Living in a ROWE

So, it’s been a little over three months since I posted my original thoughts on ROWE, and with several of my colleagues away today at a ROWE learning session with Jody Thompson now seems like as good a time as any to follow up.

What ROWE means to each of us is a highly person thing – and so it should be – but during the past months I’ve developed a much clearer picture of what ROWE means to me. I won’t bore you by documenting how I spend a typical day because the whole point is that’s a detail for each of us to figure out on our own, but I’ve settled into something of a routine that I think works best for me. I believe I’m more productive as a result. I didn’t feel stressed before so I’m not sure I’d say that ROWE has helped in that regard, but I would say that ROWE has helped me drive an internal focus on what’s really important – I now do whatever it is that’s the highest priority for me in any given moment. If it’s 10am on a Tuesday then that’s usually a work related task, but if it isn’t and it’s more important to me to spend time with my girlfriend or take some me time and watch a movie then I don’t feel guilt about doing that either.

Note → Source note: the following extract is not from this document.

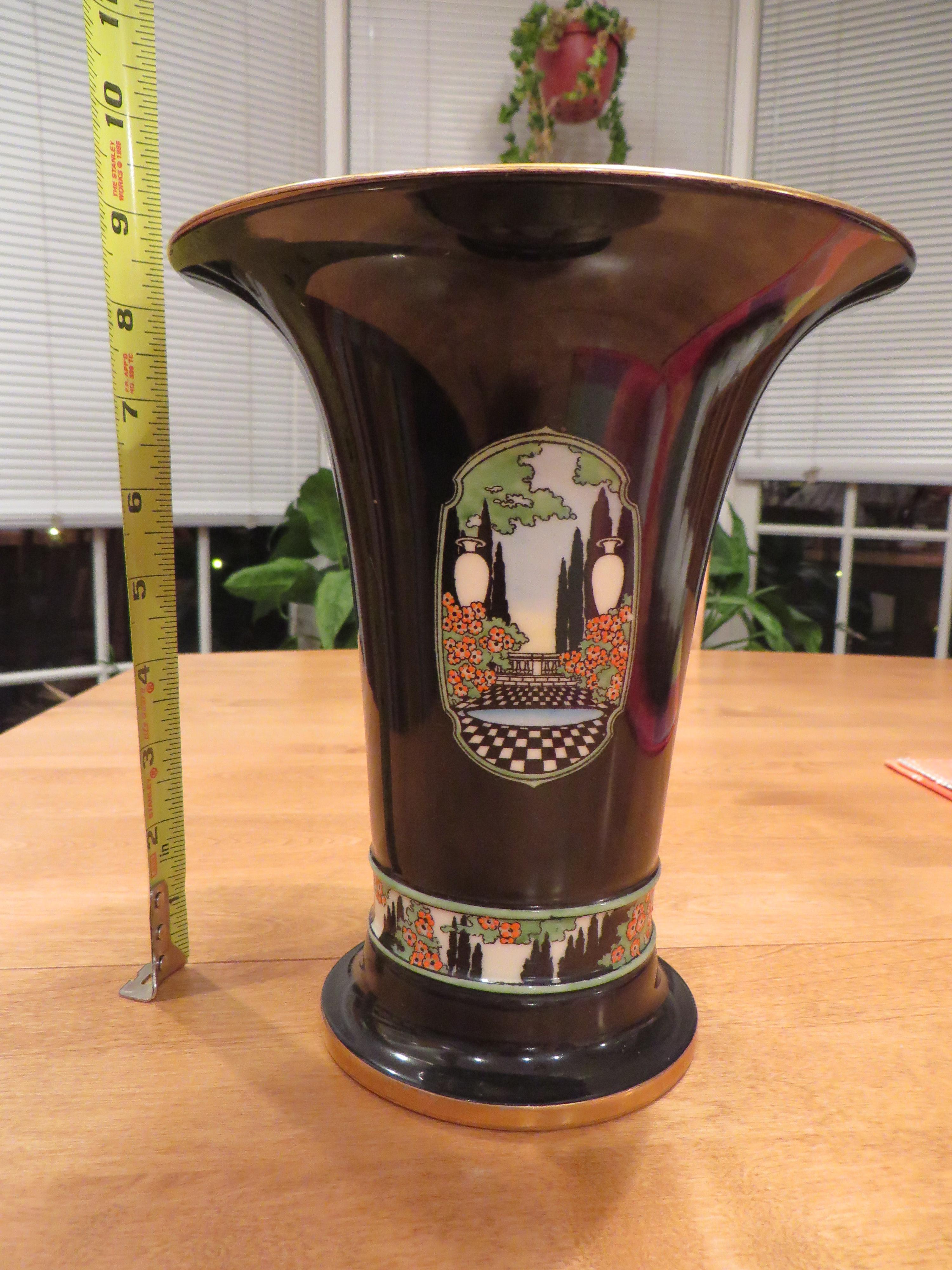 Approximately 8.5" footed trumpet vase. Exterior is black with same design on two sides of a formal garden scene (with two large urns, black/white pathway, red flowering shrubs and trees). There is a similar colored pattern in a ring around the footing. Both footing and top are edged in gold. Interior is bone china color and opening is approximately 7.5". Bottom mark is Lenox mark with Tiffany & Co printed underneth. I received the vase from my father-in-law who said it was his mother's. There are a few small discolorations in the interior of the vase and one small scrach on the outside of the vase near the top edge.

Most crucially (and unexpectedly to me) what ROWE has given me is increased confidence in myself and my approach to my work. Previously when I received an email asking me to help with something they believed to be “on fire” I would jump on it, probably to make myself look good, and I could end up filling my entire day with little items of that type. Now I stick to my own priorities and help with others when I have time to. This sounds like a bad thing and that I’ve made myself into less of a team player, but as it turns out that really doesn’t seem to be the case. I don’t mean that I stick stubbornly to the plan I formulated my day first thing that morning – I allow my priorities to shift and I react to what’s going on around me – but in my (admittedly still limited) new-found experience things that are “on fire” never turn out to be as important as they first appeared and taking some time to gather my thoughts before taking action almost always leads to a better approach to a problem anyway. In a nutshell, it turns out I’m most effective when I concentrate my efforts on big things that are important rather than small things of questionable priority. Of course this seems obvious when I articulate it in this way but for some reason it just wasn’t clear to me before I made a conscious effort to embrace the ROWE guideposts.

The largest contributing factor to the success of ROWE from my personal standpoint is by far the support of my leaders. Not only do they talk about supporting ROWE, but I see from their actions that this is true and, more than that, they’re embracing the same methods of thinking about their work that I am.

The largest challenges represented by ROWE are, for me at least, still the technology ones. I’ve never wanted my organization to provide me with a cellphone, but now I find myself envious of those that have one because they can step away from their computers without cutting themselves off from the world of work. That being said, I’ve come up with the best solutions I can on my own – I have lync on my personal phone, I’ve changed the settings on my voicemail so that I get an email alert to my personal phone if somebody leaves me a message and my outgoing message now advises and lets callers press 0 to try reaching me in a location independent way. I achieved this by getting a new phone number especially for the purpose from a third-party provider. When you call it my desk phone, cell phone and home phone all potentially ring simultaneously, and I can configure the exact behavior from a control panel online. I updated the phone number listed for me in the corporate directory to this new one. The ability to check my work email from wherever I happen to be is really the only thing missing.

And I still fall down at “every meeting is optional.” I get the concept, but it’s going to take quite some time for me to buy in to that one, I think.